Lors des négociations [8], refuser d’introduire les symboles de ce qu’on entendait construire était un choix mortel pour l’unification institutionnelle d’un espace qui, de surcroît, ne cesse de se modifier. Comme si les gouvernements avaient peur d’une Europe unifiée dans laquelle les citoyens pourraient se reconnaître. Et envers laquelle ces derniers auraient dès lors davantage d’exigences. Les euro-sceptiques n’ont pas tardé à s’en apercevoir. Tirant parti du fait que la France n’avait reconnu ni le drapeau ni l’hymne européen, le leader de la France Insoumise Mélanchon menaçait en 2017 de faire retirer le drapeau européen de l’hémicycle de l’Assemblée Nationale.
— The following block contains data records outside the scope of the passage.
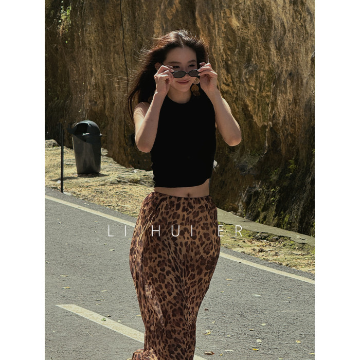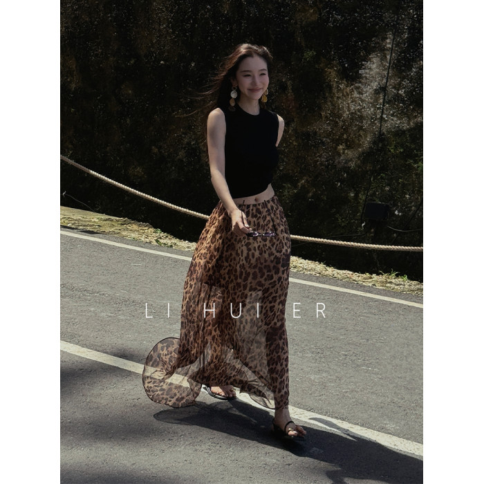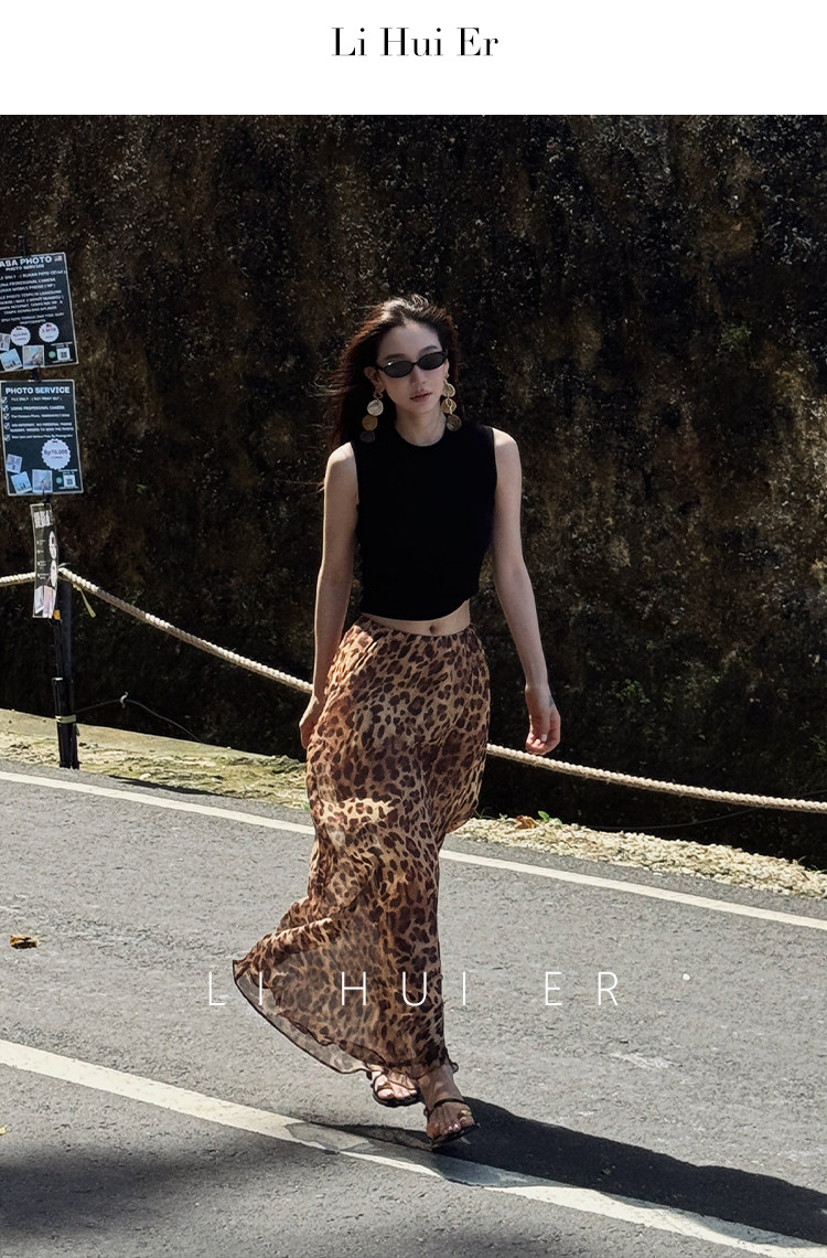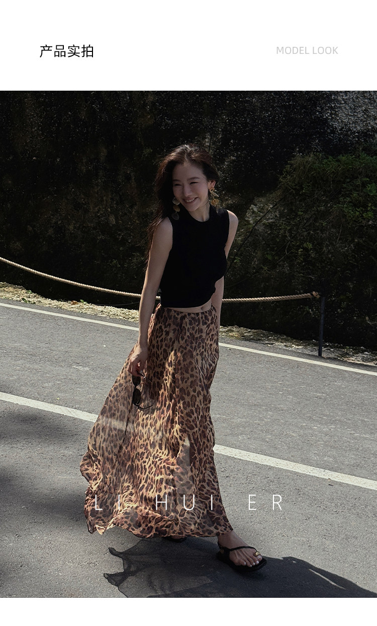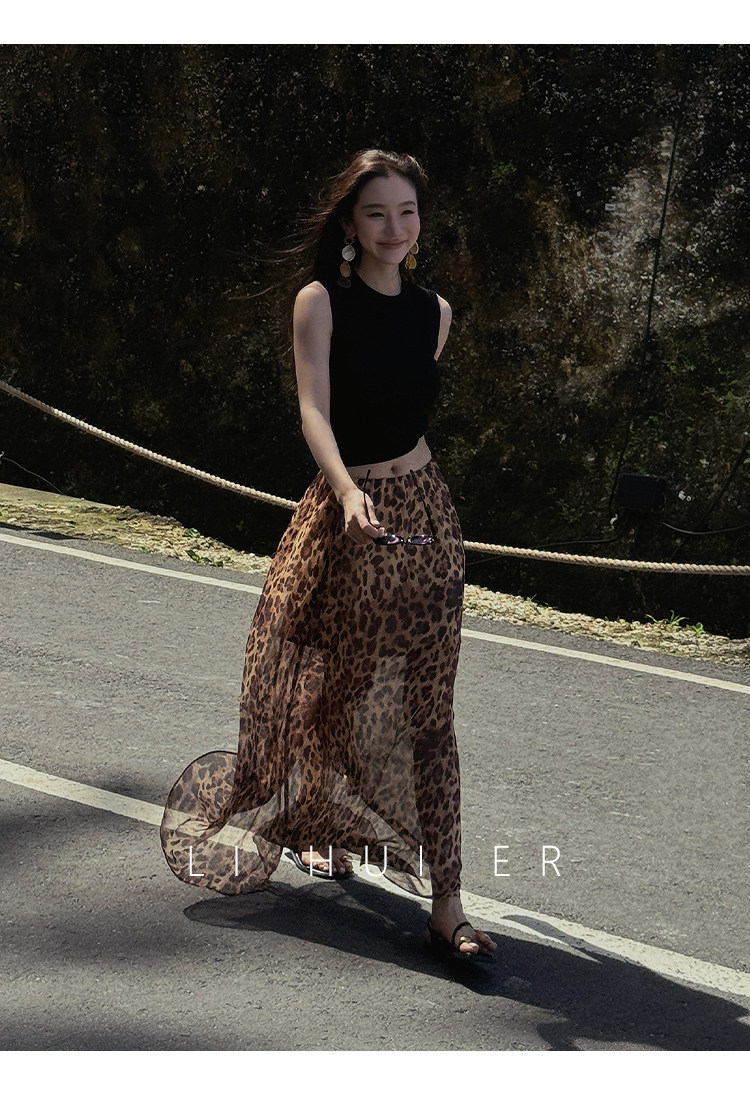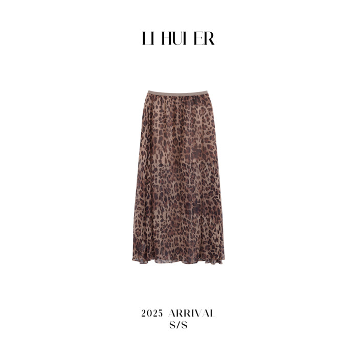 LiHuiEr李慧兒【京都隅光】輕奢極簡度假風半裙桑蠶絲豹紋半身裙
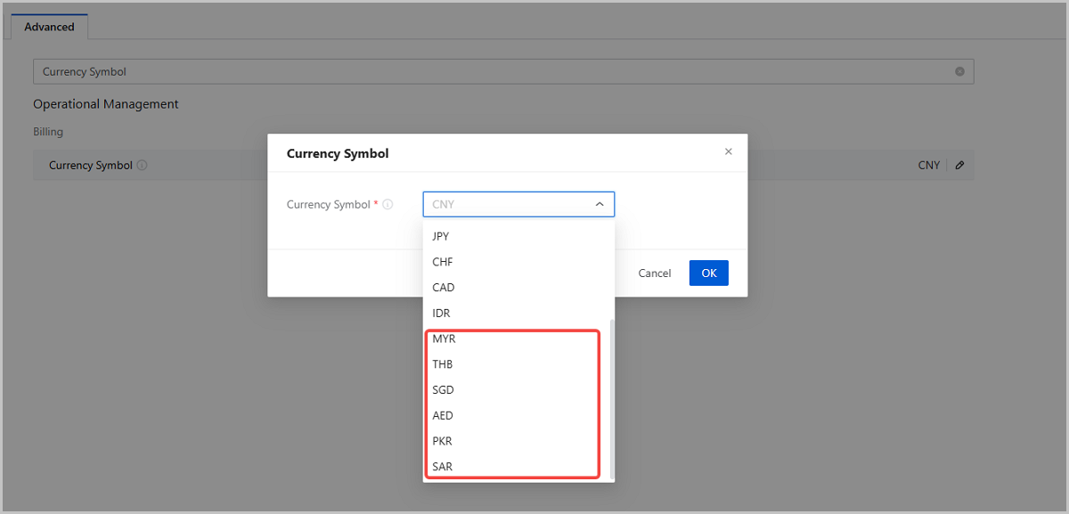 Starting from ZStack Cloud5.5.0, support for the following billing currency types has been added: UAE Dirham (AED), Malaysian Ringgit (MYR), Pakistani Rupee (PKR), Saudi Riyal (SAR), Singapore Dollar (SGD), and Thai Baht (THB).
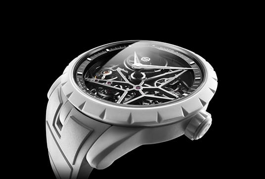 Voici l’Excalibur Monobalancier, nouvelle fierté de Roger Dubuis. Avec sa boîte en Fibre de Composite Minéral (MCF), écrin blanc immaculé du calibre automatique monobalancier squelette, elle incarne l’anticonformisme absolu de la Maison et captivera tous les regards par sa blancheur pure. Dédié aux précurseurs, afin de montrer ce qu’il se produit lorsque les codes sont réinventés et la créativité exacerbée, ce garde-temps prouve que l’Hyper Horlogerie n’a qu’une limite : l’imagination.
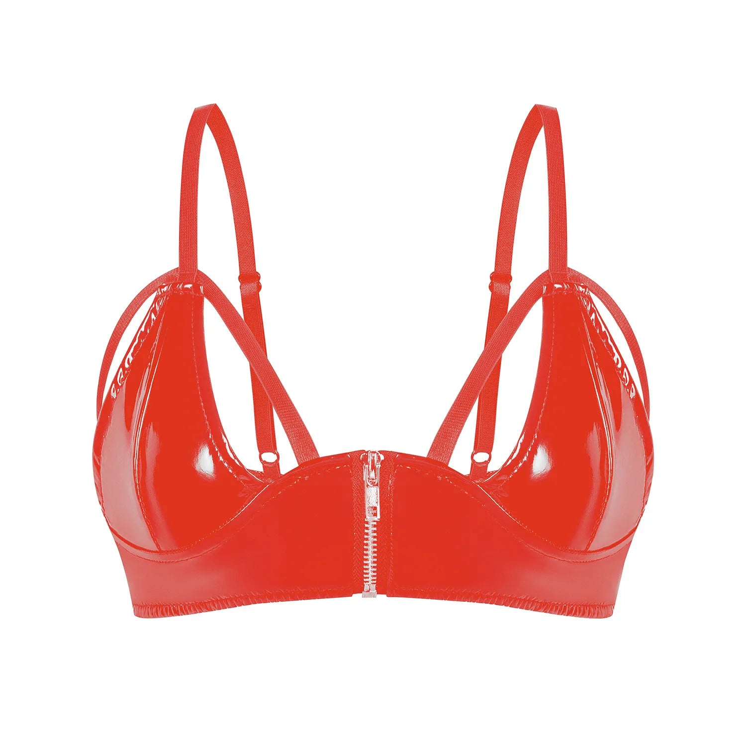 Womens Ladies Front Zipper Crop Top Pole Dance Rave Bra Tops Latex Wetlook Patent Leather Bra Tops Rave Party Clubwear S-XXXL
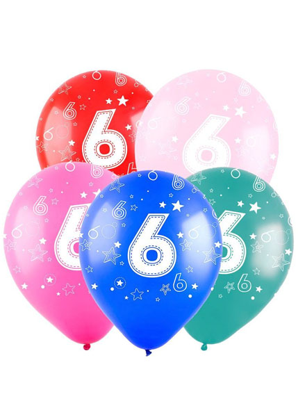 Шары воздушные с рисунком цифра 6. Создают атмосферу праздника, помогут сделать ожидаемый день ярким, веселым и оставить только самые теплые воспоминания. В упаковке 10 штук. Размер шарика в надутом виде 30см.
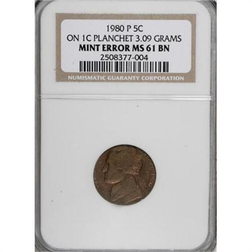 <B>1980-P 5C Jefferson Nickel--On 1C Planchet--MS61 Brown NGC.</B></I> 3.09 Grams<BR><BR><B>Coin Engraver:</B> Felix Schlag<BR><BR><b>Shipping:</b> Coins & Currency (<a target="_blank" href="http://www.heritageauctions.com/common/shipping.php">view shipping information</a>)

Le danger n’a pas échappé au Président français Macron qui, pour écarter le danger, a annoncé au Conseil Européen du 19 octobre 2017 que la France rejoignait la Déclaration 52 annexée au Traité de Lisbonne signée le 1er décembre 2007 par seize pays, la Belgique, la Bulgarie, l'Allemagne, la Grèce, l'Espagne, l'Italie, Chypre, la Lituanie, le Luxembourg, la Hongrie, Malte, l'Autriche, le Portugal, la Roumanie, la Slovénie et la Slovaquie : “Le drapeau représentant un cercle de douze étoiles d'or sur fond bleu, l'hymne tiré de «l'Ode à la Joie» de la Neuvième symphonie de Ludwig van Beethoven, la devise «Unie dans la diversité», l'euro en tant que monnaie de l'Union Européenne et la Journée de l'Europe le 9 mai continueront d'être, pour eux, les symboles de l'appartenance commune des citoyens à l'Union européenne et de leur lien avec celle-ci”.

Références
[1] Zumthor P., La mesure du monde, Paris, Seuil, 1993 (cité ds Libération, Paris, 7/10/93).
[2] Zumthor P., ibid., 7/10/93.
[3] Attali J., 1492, Paris, Fayard, 1991, p. 302.
[4] Une étude de l'enrôlement (par "contrainte", par "contrat" (mercenaires,...), par "adhésion" (cohérence avec l'espace significatif) ne manquerait pas d'intérêt, en particulier lorsqu'il s'agit de déterminer la disponibilité des populations à participer, en terme d'hommes, à l'effort de défense, et leur efficacité.
[5] "Le chevalier errant vainc l'espace, mais en même temps, il se dépossède de soi et remplit ainsi la fonction de rêve compensatoire, animé par le désir d'intégration de l'Autre et de l'inconnu grâce à la vertu de la chevalerie", ibid. 7/10/93.
6] D'après Zumthor P. (ibid. 7/10/93) qui poursuit "l'homme a véritablement changé de dimension en délaissant l'espace pour venir habiter le temps".
[7] Attali J., ibid., p. 339.
[8] Les premiers pays ont reconnu les symboles européens en 2007, disposition qui était contenue dans le projet de Constitution européenne rejeté par les Français en 2005. L'idée d'introduire le drapeau européen avec le drapeau français dans l'hémicycle avait été évoqué en 2007 mais le bureau de l'Assemblée s'y était opposé. Ce n’est qu’avec François Hollande que le drapeau européen est entré à l’Assemblée Nationale.